Sparkle: Instant Biosensors for Real-Time Imaging (original) (raw)
The Problem
While science has made great advances in developing methods to identify biomolecules from small samples, these techniques are currently expensive, time-consuming, and don’t work for all molecules of interest. These problems are limiting the performance of existing technologies and slowing the pace of scientific innovation to create new solutions in the future.
Our Solution
This real-time video shows how quickly Sparkle instant biosensors are able to signal the presence of a target biomolecule. Credit: Wyss Institute at Harvard University
Sparkle is addressing this multifaceted challenge through the creation of novel small, fluorogenic protein binders that rapidly light up only when they bind directly their target molecules. Through innovation in synthetic chemistry and synthetic biology, these binders do not require any wash steps or lengthy incubation periods, can bind directly to targets that are currently too small or difficult to detect, and enable entirely new assay formats.
Product Journey
Wyss Institute members Erkin Kuru and Issac Han met while working in George Church’s lab. Kuru has deep expertise in developing non-standard amino acids, some of which fluoresce, by in vitro synthesis and he and Han realized that the technology had commercial potential. Han reached out to his colleague Helena de Puig from Jim Collins’ lab, as he knew her background in developing diagnostic devices could prove useful for the project. Together, they formed the Sparkle team and started to explore commercialization opportunities for their technology.

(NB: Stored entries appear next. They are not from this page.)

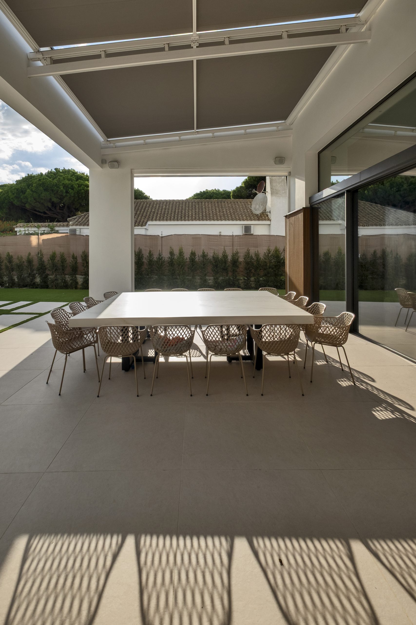 El porche, a doble altura y entoldado, está diseñado para permitir la entrada de radiación solar al salón en invierno y su protección en verano mediante sistemas de sombra, haciendo que el salón funcione como captador solar pasivo y mejore el comportamiento térmico de la vivienda.
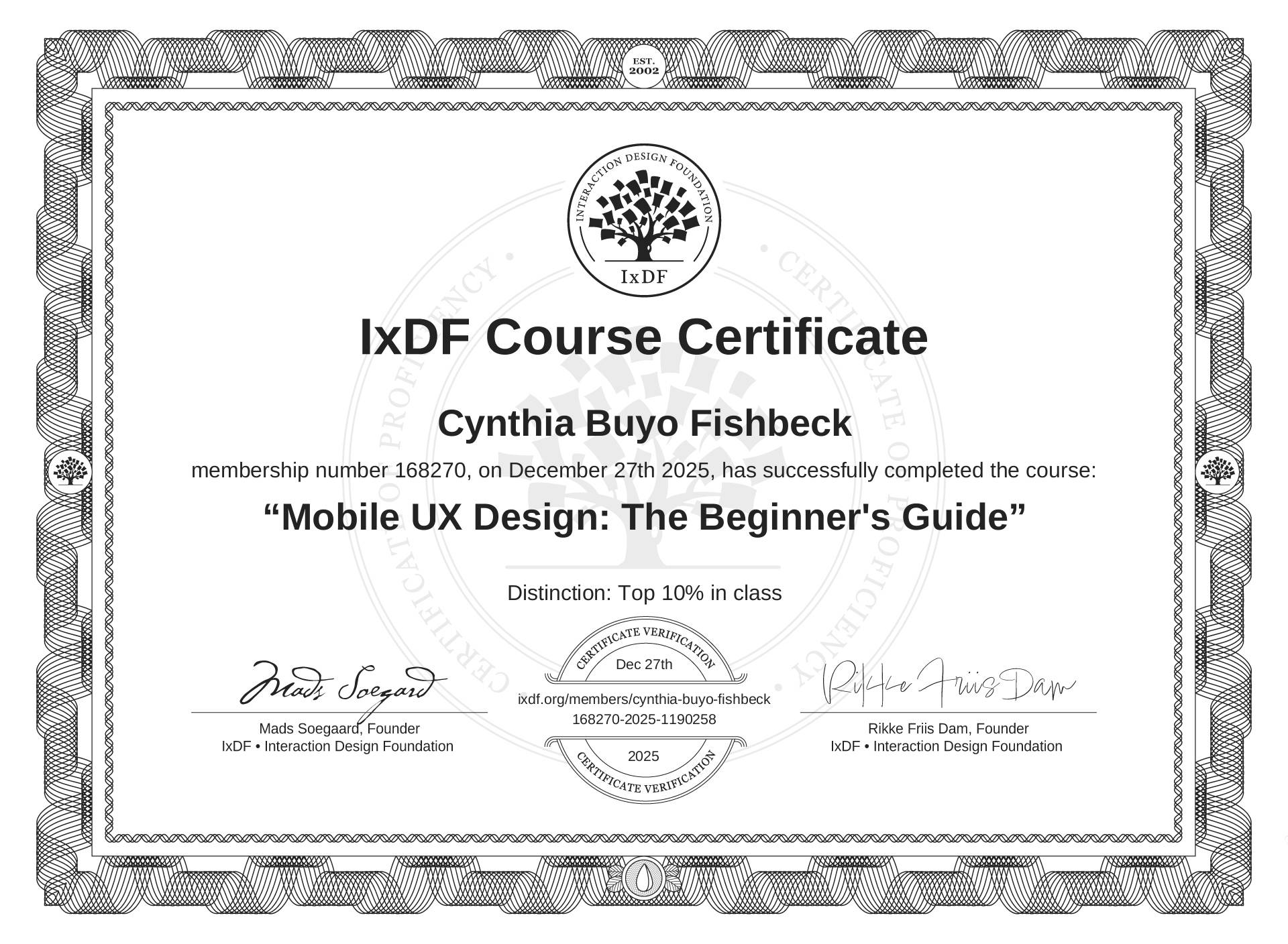 IxDF Course Certificates are awarded to Cynthia Buyo Fishbeck in formal recognition of their coursework surpassing the rigorous benchmarks of exceptional performance established by the IxDF Educational Codex.
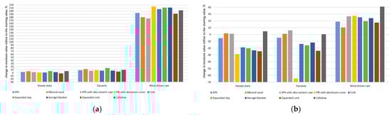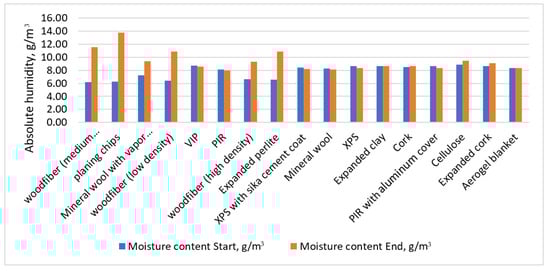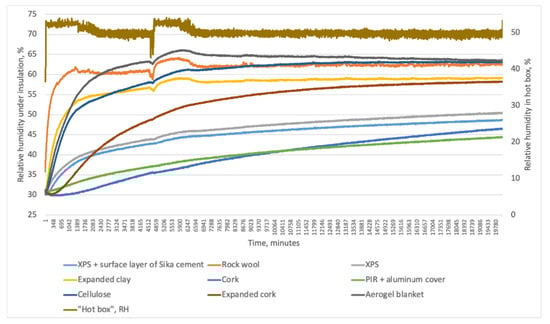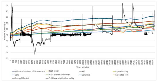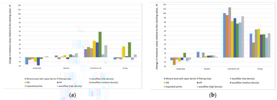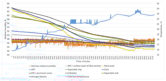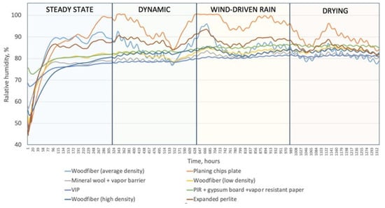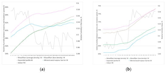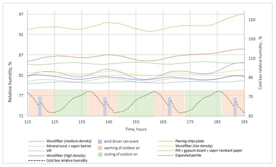 Figure 18 illustrates that vapor-open systems were sensitive to changes in indoor relative humidity when the cold-box temperature was stable. When indoor relative humidity fell between time 40 and 82 (Figure 18a), vapor-open materials with low Sd values (expanded perlite, average and low-density wood fibers) mimicked this behavior with an average time lag of one hour but with different trends. Vapor-tight mineral wool also mimicked it. This might be explained by the vapor barrier’s low Sd value (7). Materials with higher Sd values did not imitate this behavior (VIP, high-density wood fiber, PIR with gypsum board, and vapor-resistant paper). The same reaction of insulation systems was observed when the hot-box relative humidity increased (Figure 18b). In both situations, mineral wool followed the trend closer than other materials, which might be explained by the limited moisture buffering capacity for this type of insulation, in contrast to the capillary active materials. The behavior of other materials followed the trend to a lesser extent because they have excellent MBV.
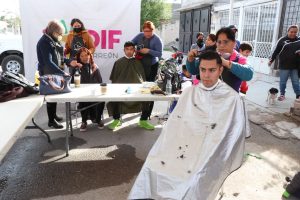 DIF Torreón ofreció los servicios de óptica a bajo costo, asesoría jurídica gratuita, corte de cabello gratuito, lotería y se hizo entrega de 300 litros de leche, 100 piezas de ropa en excelente estado y 60 juguetes para las y los niños que asistieron al evento, además de la entrega de dos sillas de ruedas destinadas para una persona con discapacidad motriz y otra para un adulto mayor.
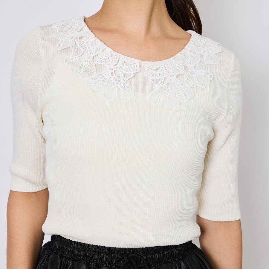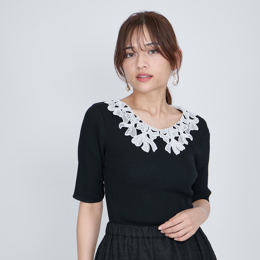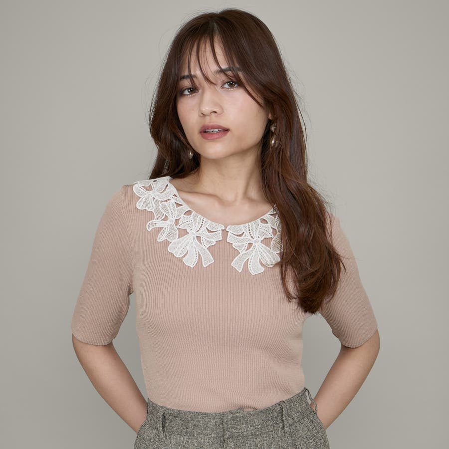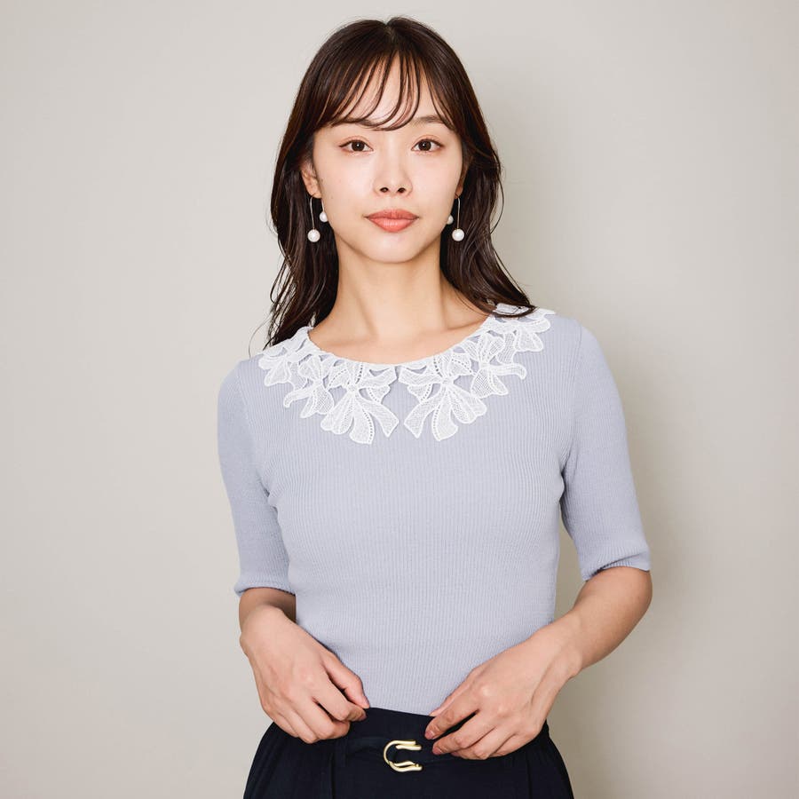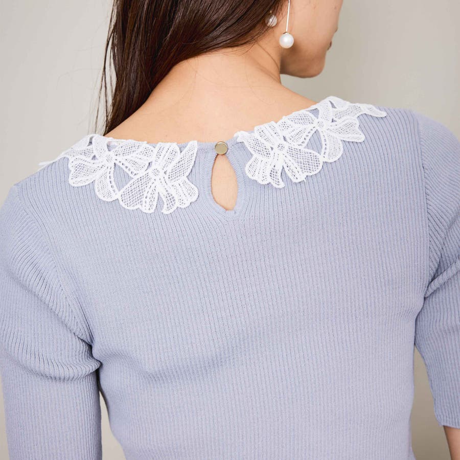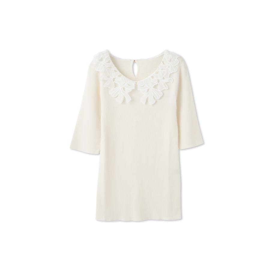リボンをかたどったようなレースカラーが印象的なハイゲージのニットトップスです。

The fluorogenic amino acids (fgAAs) on which their technology is based were inspired by the naturally occurring green fluorescent protein (GFP), which is commonly used in scientific research. The chromophore, or portion of GFP responsible for its fluorescence, only lights up when it is physically locked in place by other portions of the protein. The Sparkle team realized that they could synthesize new classes of fgAAs that would similarly only fluoresce when “sandwiched” between their attached binder and their biomolecule target.

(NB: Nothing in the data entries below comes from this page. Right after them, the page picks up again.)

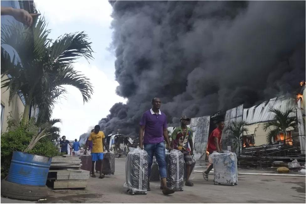 Nigerians pack their bags as they seek to escape a fire at the Yanuo factory and warehouse in Ogun State, in the south-west of the country on Monday. The Chinese Yanuo factory produces bags and suitcases.
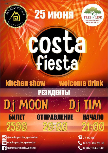Machu Picchu приглашает вас на атмосферную хаус пати "Costa Fiesta"
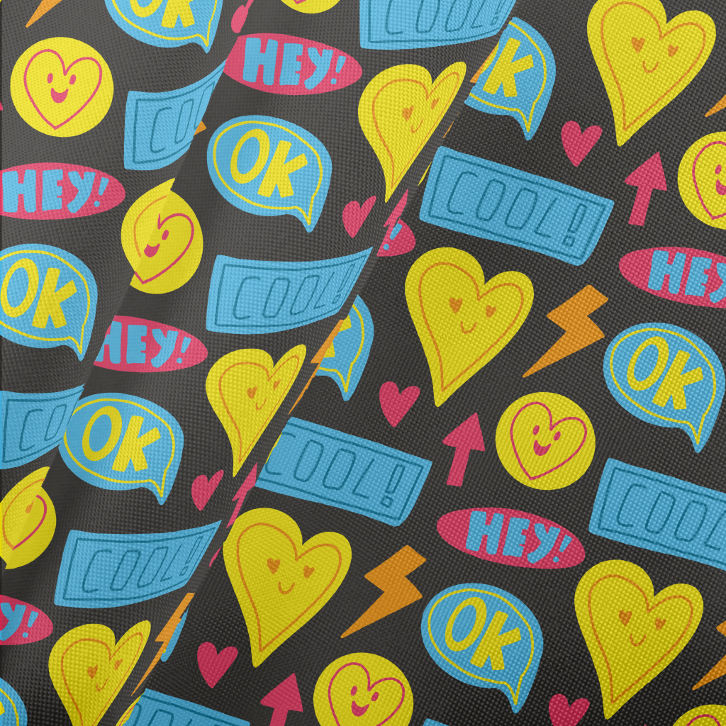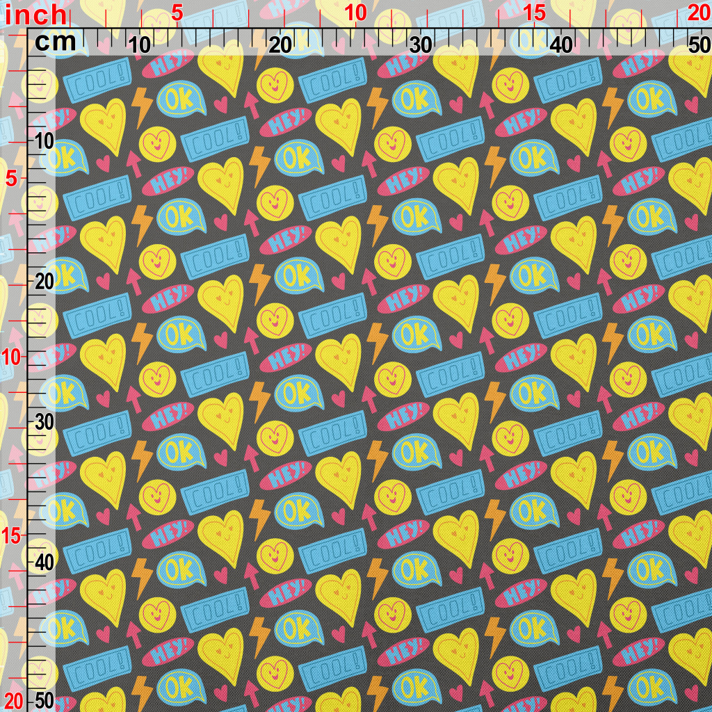 彩色鮮豔英文和愛心春亞紡(幅寬160公分)

This method offered the potential to directly measure the presence of target molecules without lengthy, multi-step protocols. The team started synthesizing and screening different fgAAs to determine what kinds of binders they could be attached to. To date, they have a 100% success rate in designing fgAAs for specific targets of interest, including difficult-to-bind biomolecules like cortisol. When the COVID-19 pandemic hit, they pivoted their work to SARS-CoV-2 and demonstrated that Sparkle-based sensors could detect the presence of the Spike protein antigen from a sample within 0.5 seconds.
Impact
The Sparkle Team, from left to right, Subhrajit Rout, Bill Bedell, Helena de Puig, Erkin Kuru, Abigail Reese, Isaac Han, and Allison Flores. Credit: Wyss Institute at Harvard University
Based on its potential to dramatically speed up innovation in a wide variety of areas, Sparkle was named a Wyss Institute Validation Project in 2021 and 2022. Also in 2022, the team won the 10KAudienceChoiceawardatthe[MIT10K Audience Choice award at the [MIT 10KAudienceChoiceawardattheMIT100K Entrepreneurship Competition, and was a semifinalist in the Nucleate Bio Accelerator program.
The Sparkle team is investigating multiple potential applications for its instant biosensors, including instant analysis of tumor margins for better cancer surgery outcomes, rapid high-throughput protein binding assays, and direct detection of small molecule targets that can currently only be measured by multistep competitive ELISA assays.